The Sweetest Fruits
Page 20
At the end of that June, an article appeared in the San’in Shimbun that detailed how the goodhearted and generous Lafcadio Hearn had rescued the birth mother of his rashamen from imminent eviction. The paper claimed that Mother received a monthly allowance from Herun-san when, in fact, it was more. It noted her hunger but not Third Brother’s and Youngest Brother’s, which also had to be fed. Ensconced with her sons in a newly rented house, modest but furnished once again with all the household items that Third Brother had sold off over the years, Mother refused my visits.

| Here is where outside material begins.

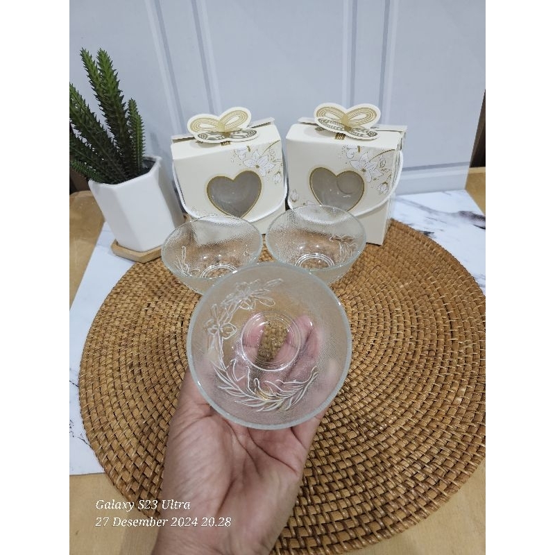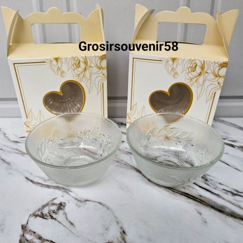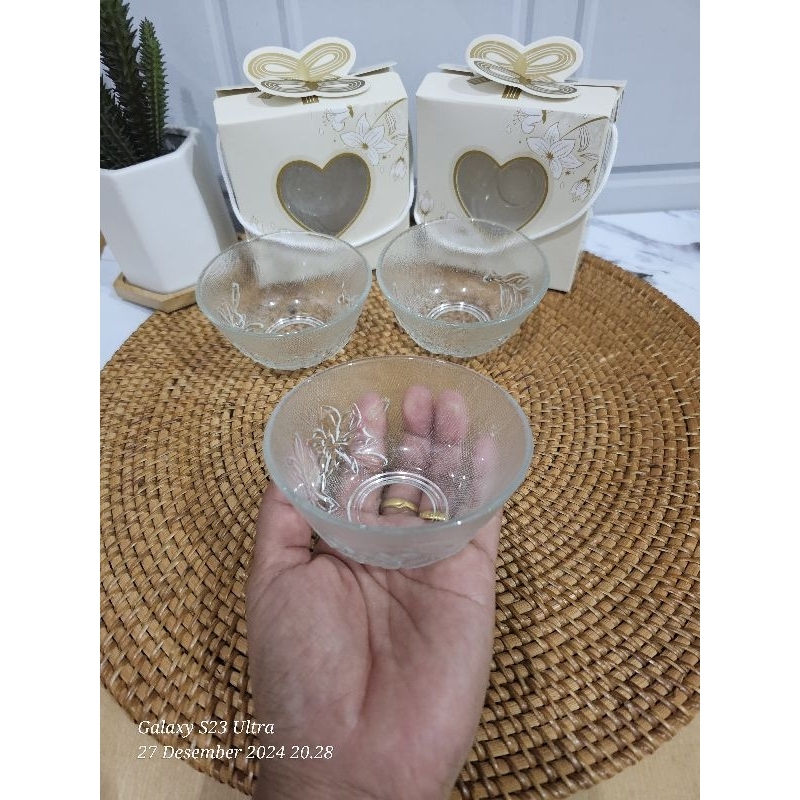 ( isi 50pcs ) MANGKOK KACA MOTIF TULIP LIL 375 KEMASAN BOK

Upon seeing the house of Koizumi identified in the newspaper as the birth family of a rashamen, Setsu at twenty-three left her body in a long curl of smoke, pulled up and into the sky. The Setsu who remained was unrooted and thus light on her feet. She had the sudden urge to travel. Like many travelers before her, she had lost a home and was in search of another.
I followed you, Yakumo.
First, I ventured only as far as Kitzuki. To escape the mid-July heat in Matsue, you and Nishida-san had secured rooms at Inaba-ya, a seaside inn facing the Inasa bay. You longed to see the Izumo Shrine again and looked forward to beginning and ending your days with a swim in the Sea of Japan.
“I am half fish,” you declared, as I packed your traveling bag.
“Your people were fishermen?” I asked.
“No, military and medical.”
“Your Mother was a healer?”
“No, my Father was in the army and a doctor. My Mother was a ‘Shiomi Chie.’”
You would later shorten this entry into Herun-san’s language to “Chie” to mean a woman of noble birth, beautiful, and brave. Her tragic end was implied.
That was the course of the conversations back then. As with the paths in the merchant Orihara’s formal gardens, they were rarely in a straight line. You went in one direction, and I went in the other. Somewhere in between, we met.
Mother survived you, Yakumo, by two years.
She died in Ōsaka, the city of those who disappear. In her last month of life, she sent a letter in which she declared that she would leave this world with regrets and that I was one of them.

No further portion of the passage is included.